I Like It When You Call Me Large SpatialPolygonsDataFrame
Posted on March 19, 2019 | 8 minute readWelcome to the wonderful world of R-Spatial! I really enjoy playing around with spatial data in R and for some reason find it much easier than ArcGIS (#sorrynotsorry Esri). Please keep in mind, as with everything I do in R, I am self taught and rely heavily on publicly available resources. My way of doing things may not always be the best or perfect, it is just how I was able to make sense of it.
One of the beautiful things about R is that there are many ways to get to your destination (in most cases). If you stumble across something in my code that is just wrong, could be way more efficient, and/or makes you cry into your cereal - please let me know! You definitely won’t hurt my feelings. I just want to get better!
In this post I am going to walk through some things that I have found myself doing regularly. A majority of the data I come across does not have a spatial component to it already or may not be associated with the particular geography that I need. Hopefully, I can demonstrate for you one approach to working through this in R.
The flow of this generally should be:
- Pull down data with coordinates
- Pull down polygon data
- Verify overlap and matching projections
- Combine points and polygons
- Map aggressively
- Huzzah!
Load Packages
We will start by doing the obvious and loading our packages. You may notice me references some packages this way: cowplot::plot_grid()

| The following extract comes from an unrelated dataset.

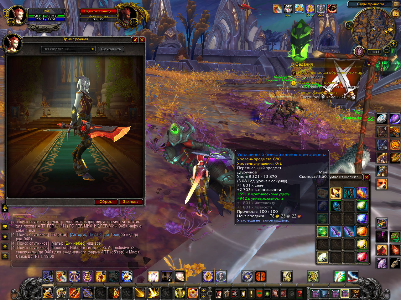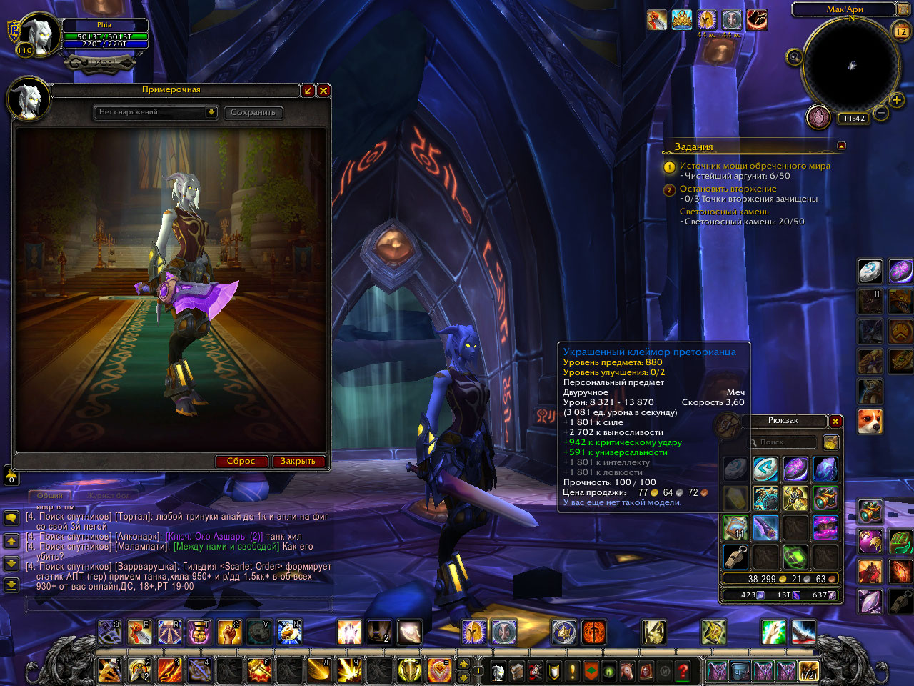 | Description | В Мак'Ари с рарника И'беды выпал "Украшенный боевой клинок преторианца", но не добавился в коллекцию, хоть и стал персональным. Так же случилось и с "Украшенным клеймором преторианца". Он выпал из сундука и стал персональным, но не добавился в коллекцию | ||||

. That just means that I opted not to load the entire package since I may only be using it one time. You may already know that but some of may not so just bear with me.
library(sf)
library(tidyverse)
library(sp)
Create Custom Theme
Here, I am quickly defining some thematic elements for my plots so I don’t have to repeat them. I really need to get better about doing this!
jason_theme <- theme(plot.title = element_text(size = 14),
panel.background = element_blank(),
axis.text = element_blank(),
axis.title = element_blank(),
axis.ticks = element_blank(),
axis.line = element_blank())
Download Police Incidents
I use the GeoJSON link on the Raleigh Open Data Portal to download police incidents.
police_incidents <- read_sf("https://opendata.arcgis.com/datasets/24c0b37fa9bb4e16ba8bcaa7e806c615_0.geojson")
Filter Missing Coordinates
Quickly filter records that are missing coordinates.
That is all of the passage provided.